──────── Supplied information ────────

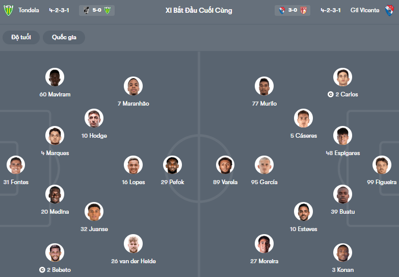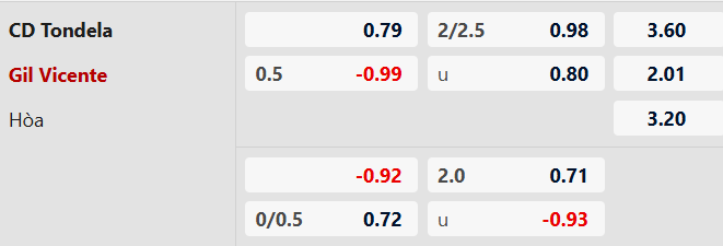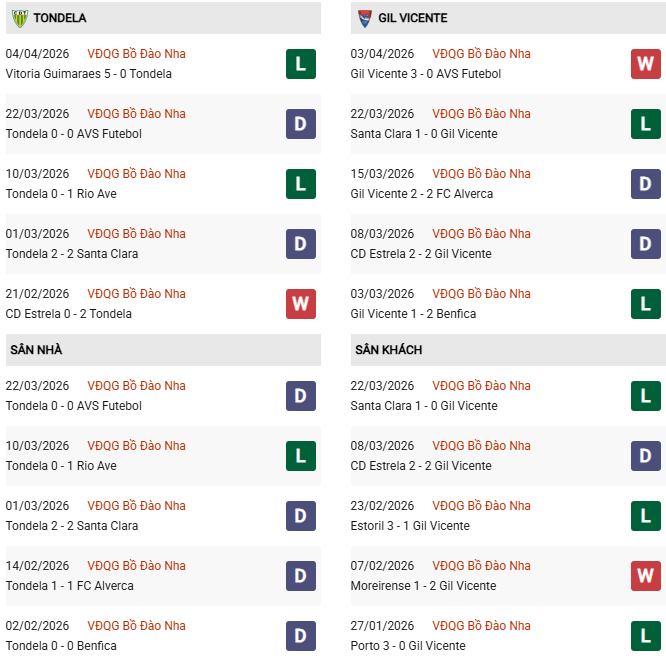 - Trên sân nhà, Tondela thắng 1, thua 2 trước Gil Vicente.
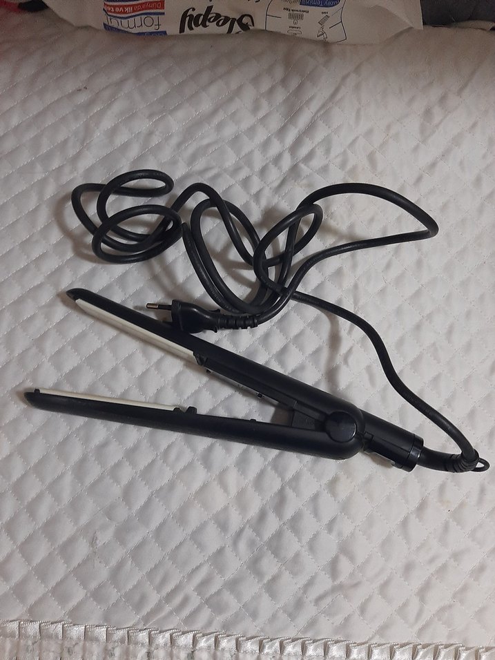 Uzun kablolu siyah saç düzleştirici, saç şekillendirmek için kullanışlı ve pratik bir üründür.
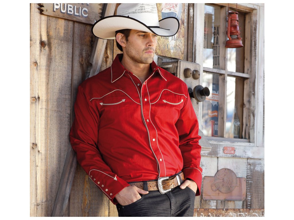 Kvalitní bavlněná westernová košile s límečkem a bílými detaily. Košile je zdobena odpovídajícími patentkami na zapínání a na rukávech. Nesmí chybět přední náprsní kapsy. Košile působí velmi jednoduše a elegantně.
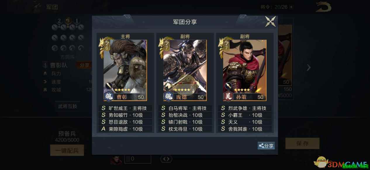 武将搭配推荐: 主将曹彰+庞德+孙策 1、在战斗时,曹彰放主将或副将位皆可。若是想围绕曹彰组建“破甲队”,建议曹彰做主将,其主将技“旷世威王”能更大程度地发挥曹彰的减防能力。在携带技能上,由于曹彰有着不错的攻速,可以考虑携带连击技。例如S级连击技“怒目退敌”,就能进一步降低敌方武将的防御力。或者携带A级主动技“乘隙捣虚”,对敌方防御最低的武将完成点杀。 2、阵容搭配上选择庞德和孙策。庞德的“抬棺决战”能大幅提升自己造成的武力伤害,而孙策的被动技“小霸王”,则自带破甲效果。能够快速解决低防御的武将。
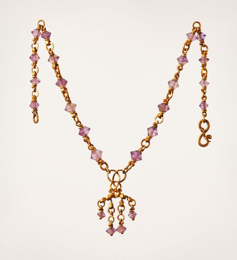 Vierundzwanzig beidseitig konische Amethyst - Perlen aus römischer Zeit in Ägypten. 60,1 gr. 900er Gold
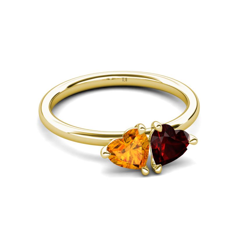 1.63 ctw Heart Shape (6.00 mm) Citrine & Red Garnet with Tiger Claw Prong setting Two Stone Duo Women Engagement Ring in 10K Yellow Gold More Details ...

────────

### Activity:
Would you please print out all the records above exactly, minus any pictures?

### The answer:
 - Trên sân nhà, Tondela thắng 1, thua 2 trước Gil Vicente.
 Uzun kablolu siyah saç düzleştirici, saç şekillendirmek için kullanışlı ve pratik bir üründür.
 Kvalitní bavlněná westernová košile s límečkem a bílými detaily. Košile je zdobena odpovídajícími patentkami na zapínání a na rukávech. Nesmí chybět přední náprsní kapsy. Košile působí velmi jednoduše a elegantně.
 武将搭配推荐: 主将曹彰+庞德+孙策 1、在战斗时,曹彰放主将或副将位皆可。若是想围绕曹彰组建“破甲队”,建议曹彰做主将,其主将技“旷世威王”能更大程度地发挥曹彰的减防能力。在携带技能上,由于曹彰有着不错的攻速,可以考虑携带连击技。例如S级连击技“怒目退敌”,就能进一步降低敌方武将的防御力。或者携带A级主动技“乘隙捣虚”,对敌方防御最低的武将完成点杀。 2、阵容搭配上选择庞德和孙策。庞德的“抬棺决战”能大幅提升自己造成的武力伤害,而孙策的被动技“小霸王”,则自带破甲效果。能够快速解决低防御的武将。
 Vierundzwanzig beidseitig konische Amethyst - Perlen aus römischer Zeit in Ägypten. 60,1 gr. 900er Gold
 1.63 ctw Heart Shape (6.00 mm) Citrine & Red Garnet with Tiger Claw Prong setting Two Stone Duo Women Engagement Ring in 10K Yellow Gold More Details ...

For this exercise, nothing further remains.